_EXERCISE DATA:_
%%

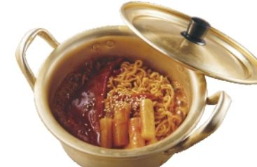
ラッポギ ¥630 (税込¥680)
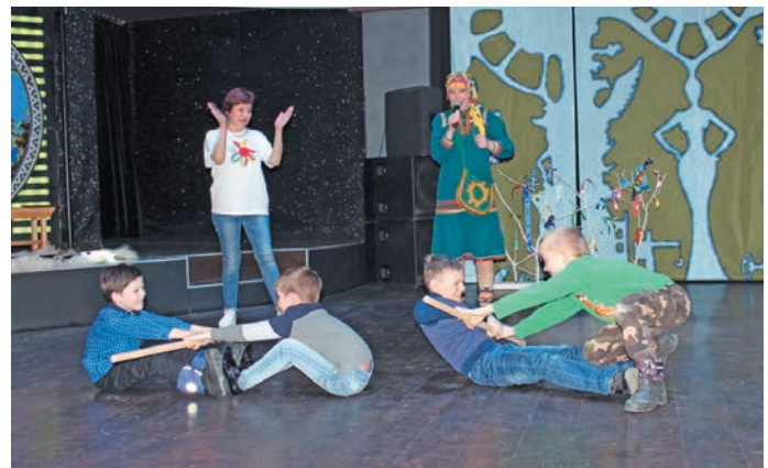
Пухӑт ӑр таллӑт. У. Данило верум хурӑт

» Катра вурӑа хӑтл вера ӑн постыйлса. Йис ясӑӑ щирн вурӑа вера амтӑтылӑл йилпа ай ныврем сема питтыйн. Вантӑ, лӑв кӑрӑӑл ай ныврем енмӑлты полты пайн хошмӑлӑтл. Нефтеюганск вошн 2000-мит ол вӑш эвӑлт «Вурӑа хӑтл» постӑты питсӑв. Тӑм ёмӑӑхӑтл «Центр национальной культуры»,
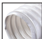
Білий ( )
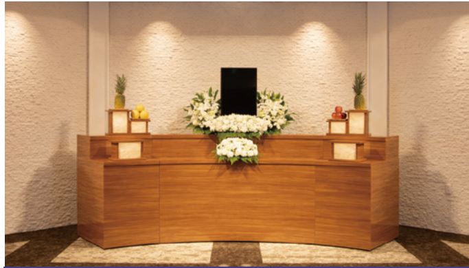
対応人数20名程度まで
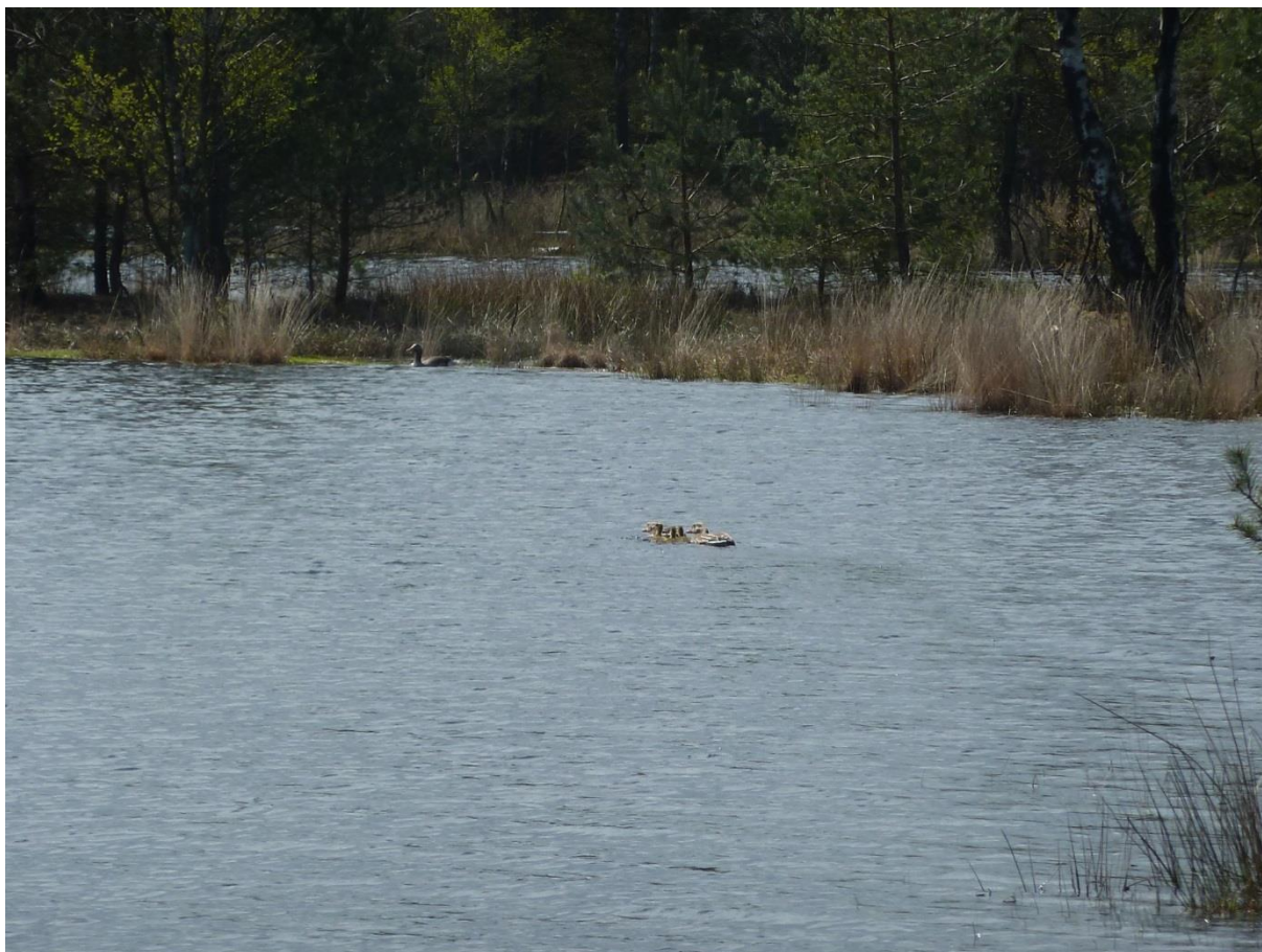
Een van de weinige paren met jongen van de Grauwe Ganzen in de Gerritsfles, 1 mei 2016.

De bezoeken na 15 mei leverden ook geen Grauwe Ganzen meer op. Zeer waarschijnlijk zijn de ganzen, nadat de broedcyclus was voltooid, vertrokken naar plekken met meer voedsel en om te ruïen.
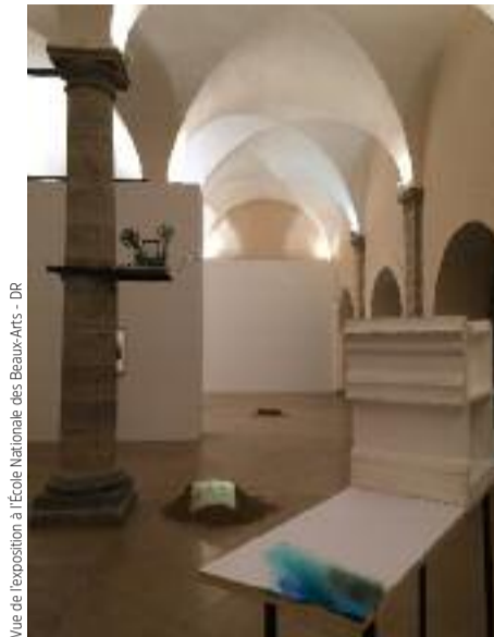
Vue de l'exposition à l'École Nationale des Beaux-Arts

Le groupe de recherche Art Contemporain et Temps de l'Histoire (ACTH à l'École Nationale des Beaux-Arts de Lyon), réunissant artistes et historiens de l'art, propose une alternative aux conceptions habituelles de l'histoire de l'art et de l'image, basées sur la linéarité et la succession d'époques (l'impressionnisme, le cubisme, le surréalisme...). Avec ACTH, les œuvres dialoguent entre elles de manière anachronique, et s'ouvrent aussi à l'histoire politique, et, plus singulier encore, à l'histoire naturelle et à la géographie. La série de Vagues peinte par Courbet en 1869 résonne, par exemple, avec un film expérimental de l'artiste contemporain Michael Snow, et se voit reliée aux concepts "biologiques" de rythme et de cycle, ou avec des faits historiques tels que la Commune de Paris et la destruction de la colonne Vendôme.
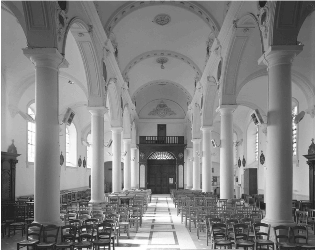
Vue générale intérieure, vers l'entrée.
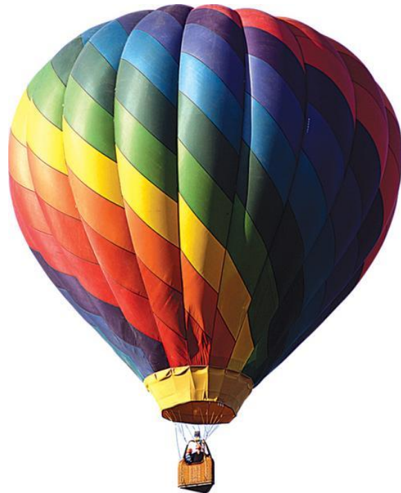
Balão de ar quente
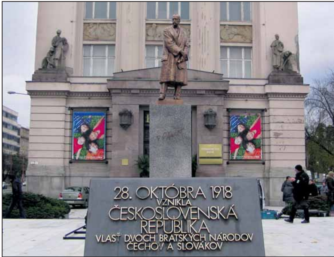
Pamätník československej štátnosti dotvorila socha T. G. Masaryka.
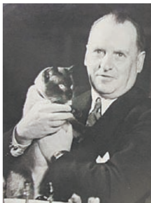
Фотоподсказка к одному из вопросов викторины.
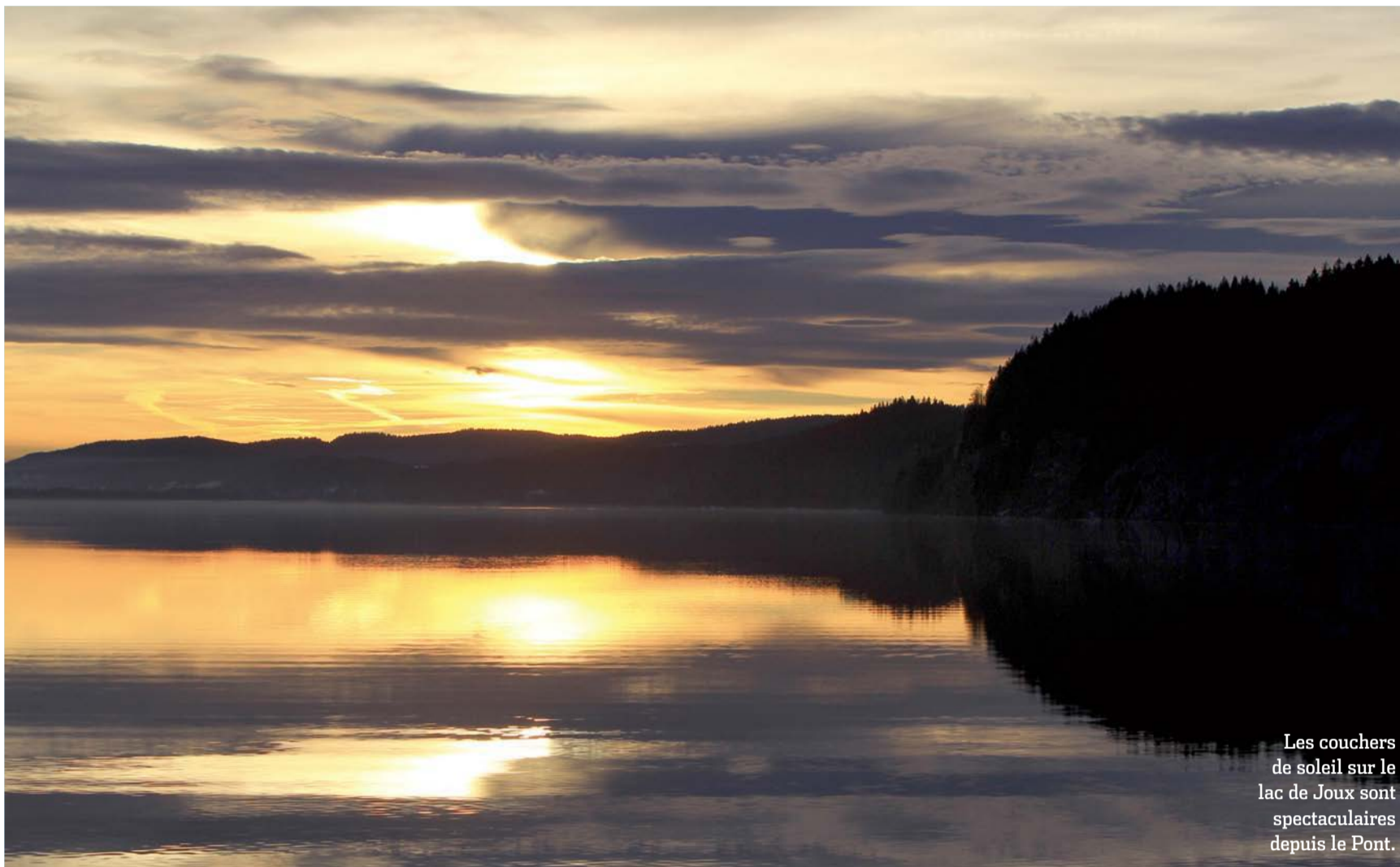
Les couchers de soleil sur le lac de Joux sont spectaculaires depuis le Pont.
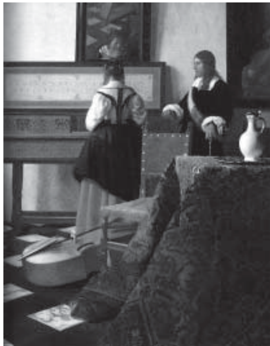
Vermeer, A Lady at the Virginals with a Gentleman (dettaglio).
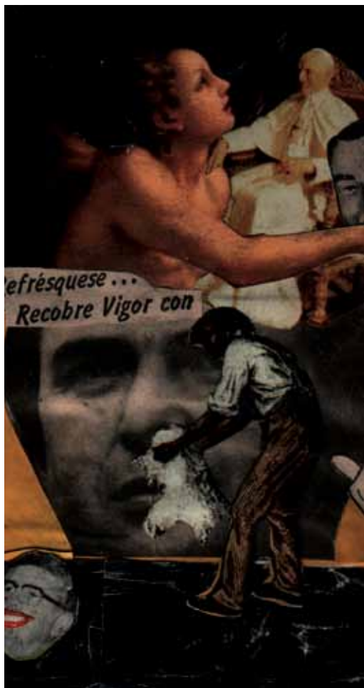
La coca de los Santos por Pedro Manrique Figueroa

anarquista. Pero treinta años después la película ha sido reconocida precisamente porque el tema de la pornomiseria es un tema que sigue vigente. Aquí y en toda Latinoamérica se sigue filmando la miseria y se sigue explotando el tema de la pobreza. Y lo otro es la cuestión formal de la película, que es una de las primeras que se plantea como un falso documental. Yo no tengo conocimiento de películas que en ese momento se hayan planteado ese cruce entre la ficción y el documental. Quizá alguna película como El camino hacia la muerte del viejo Reales (1968), de Gerardo Vallejo, junta esos dos elementos también. Y además que es una película sobre el cine. Precisamente porque nosotros veníamos de la crítica del cine, decidimos hacer la crítica del cine no escrita sino filmada. Ese fue un paso cualitativo que hicimos ahí.
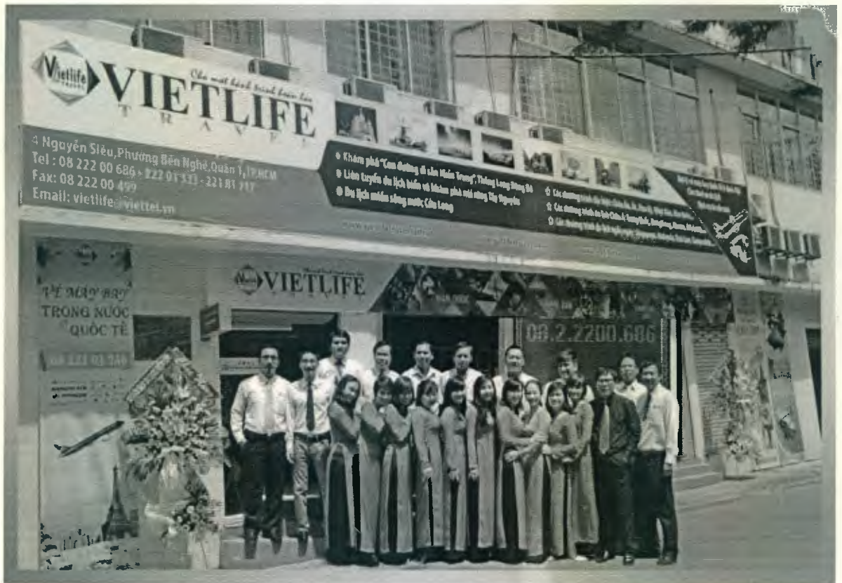
Hình ảnh cán bộ nhân viên của VietLife

Bằng kinh nghiệm, sự tận tâm và những nỗ lực hoàn thiện không ngừng của tập thể CBNV, Vietlife Travel tự tin trở thành nhà tổ chức chuyên nghiệp các loại hình du lịch: từ du lịch nghỉ dưỡng, du lịch sinh thái, du lịch kết hợp khảo sát hay hội nghị... cho nhiều đối tượng khách hàng khác nhau. Với tiêu chí chăm sóc khách hàng: tận tâm đến từng cá nhân, chu đáo với mỗi gia đình, đồng hành cùng các cơ quan, đơn vị, các tổ chức, đoàn thể... thương hiệu Vietlife Travel ngày càng vững mạnh trên thị trường du lịch, mang lại những dịch vụ chất lượng cao, giá cả phải chăng phục vụ quý khách hàng gần xa.
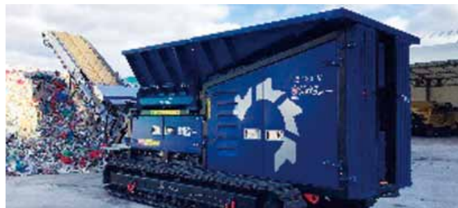
プラスチックを減容化する機器整備

[ 補助対象者：産業廃棄物処理業者等 ] [ 補助率：対象経費の1/2以内(廃プラスチック類などのリサイクル等を推進するもの及び熱回収を推進するものは2/3以内) ]
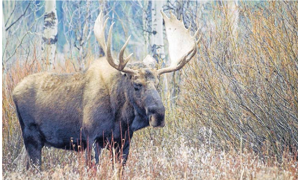
Kolizje z łosiami to nie tylko efekt wzrostu ich liczebności, ale też rozbudowy dróg. Znak „Uwaga dzikie zwierzęta” nie jest dekoracją

Populacja łosia rzeczywiście się odbudowała po nadmiernych odstrzałach w latach 90. W 2001 r. wprowadzono moratorium i od tego czasu liczebność tych zwierząt rośnie. Pojawiają się liczby od 30 do nawet 45 tysięcy osobników. Trzeba jednak podchodzić do nich ostrożnie. Liczenie dzikich zwierząt w skali kraju jest niezwykle trudne, kosztowne, czasochłonne i obciążone błędem. W badaniach mojego zespołu stosujemy kilka metod równoległe: tropienia, liczenia odchodów jako wskaźnika zagęszczenia i fotonapki. Każda metoda daje nieco inne wyniki. Dlatego bardziej wiarygodne jest mówienie o zagęszczeniu na jednostkę powierzchni.
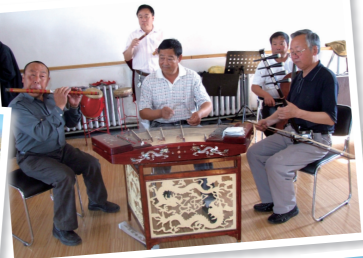
丰富多彩的文化生活。
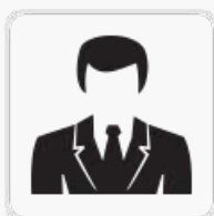
Segnini Catia Revisore Enti Locali - Senoir Expert progettazione e gestione fondi europei
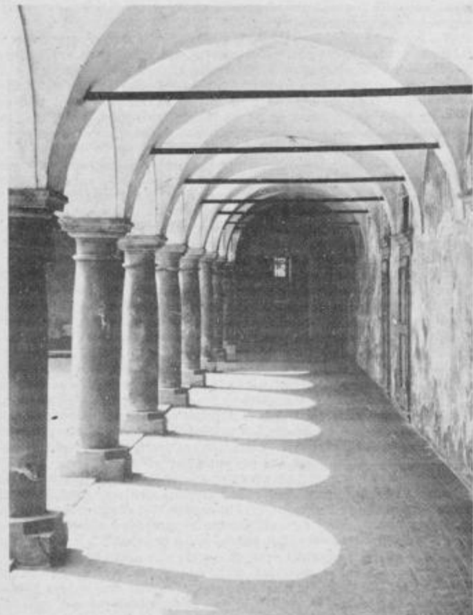
Pogled na del minoritskega samostana
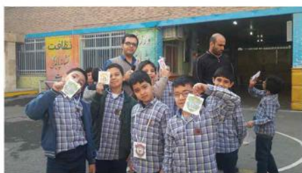
۳- اهدای کارت سفیران سلامت دبستان دوره اول تهران
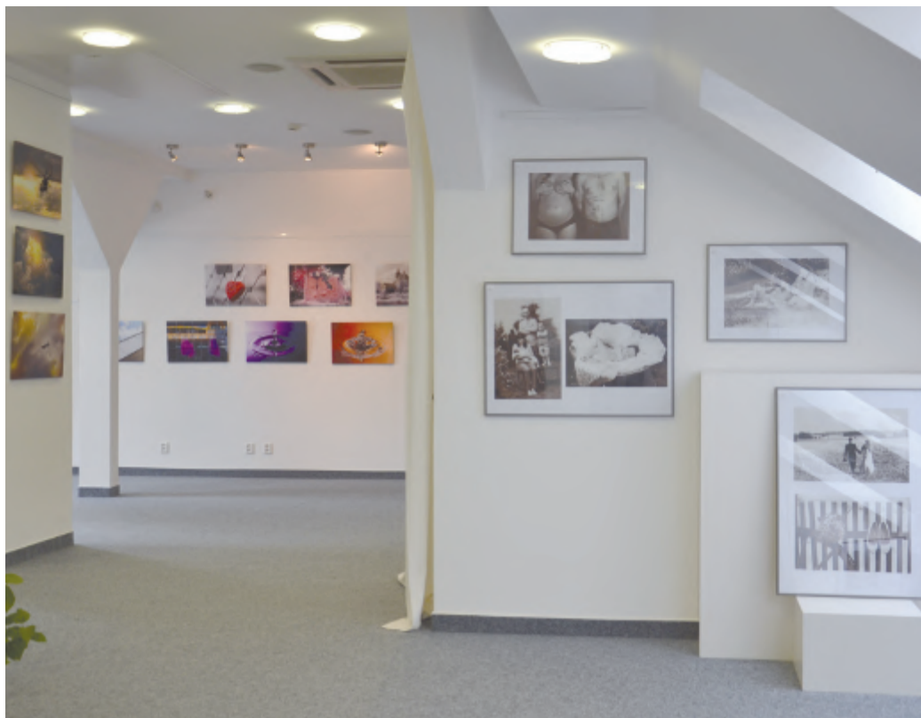
Výstava v Galerii Na Půdě.

Pod názvem Letem světem s Fotoklubem představují členové Fotoklubu Světlá nad Sázavou svoje snímky tentokrát nikoli ve vestibulu Sportovního centra Pěšinky, jak tomu již několikrát bylo v minulosti, ale v Galerii Na Půdě. Část fotografií je v černobílém provedení, což bylo přání většiny respondentů anket probíhající v minulém roce na facebooku.
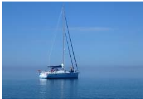
Plaisancier à Beauduc (DREAL PACA)
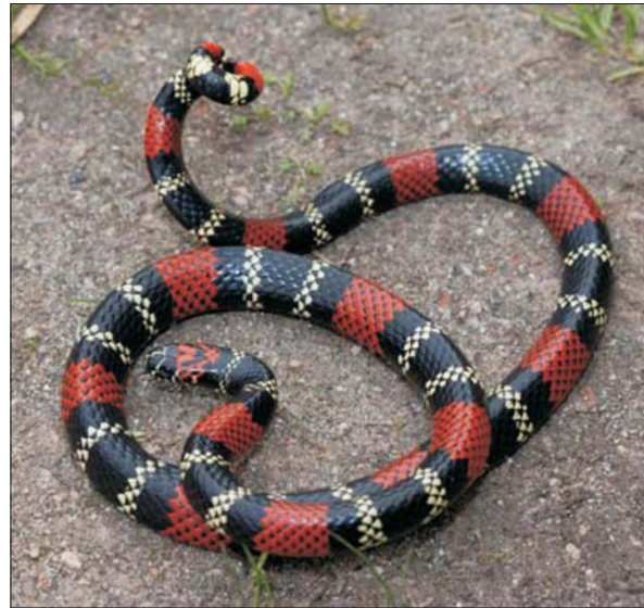
Figura 1. Ejemplar adulto de Micrurus altirostris . Presenta anillos completos alrededor del cuerpo, negros agrupados de a tres, separados por anillos amarillos (tríadas) y entre estos se encuentra un anillo rojo.

Hombre de 25 años, procedente de zona rural de Florida, sin antecedentes a destacar, mordido en el tercer dedo de mano izquierda al manipular durante horas a un ofidio que describe con anillos negros, rojos y amarillos. Comienza con dolor abdominal y náuseas, agregando aproximadamente a las cinco horas del accidente mareos, visión borrosa y diplopía, por lo que consulta en emergencia del Hospital de Florida. Al ingreso refiere mialgias, disfagia y dolor en sitio de mordedura. Al examen físico se observa una puntura no sangrante, con eritema y edema leve localizado en tercer dedo de mano izquierda sin equimosis (figura 2). Lúcido, con disartria, oculomotricidad sin alteraciones. Reflejo fotomotor y consensual conservados. Se consulta al CIAT, realizándose evaluación fotográfica del ofidio identificán-
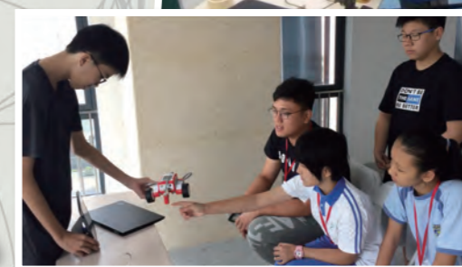
姊妹學校的同學通過FaceTime向香港同學解釋機械車的特點
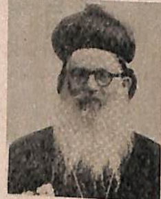
തോമ്മാ മാർ ദിവനാസ്യാസ് മെത്രാപ്പോലീത്താ (പത്തനംപുരം താബോർ ദേവാ)
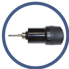
トルク固定リング標準添付

トルク設定された調整リングを外部からの衝撃などから守り、調整リングのズレを防ぎます。

%%

_WHAT THIS TASK INVOLVES:_
The answer must be the lines above from the one containing "Фотоподсказка к одному из вопросов викторины." through the one containing "La coca de los", reproduced exactly, with no pictures and nothing else.

_WRITTEN SOLUTION:_
Фотоподсказка к одному из вопросов викторины.
Les couchers de soleil sur le lac de Joux sont spectaculaires depuis le Pont.
Vermeer, A Lady at the Virginals with a Gentleman (dettaglio).
La coca de los Santos por Pedro Manrique Figueroa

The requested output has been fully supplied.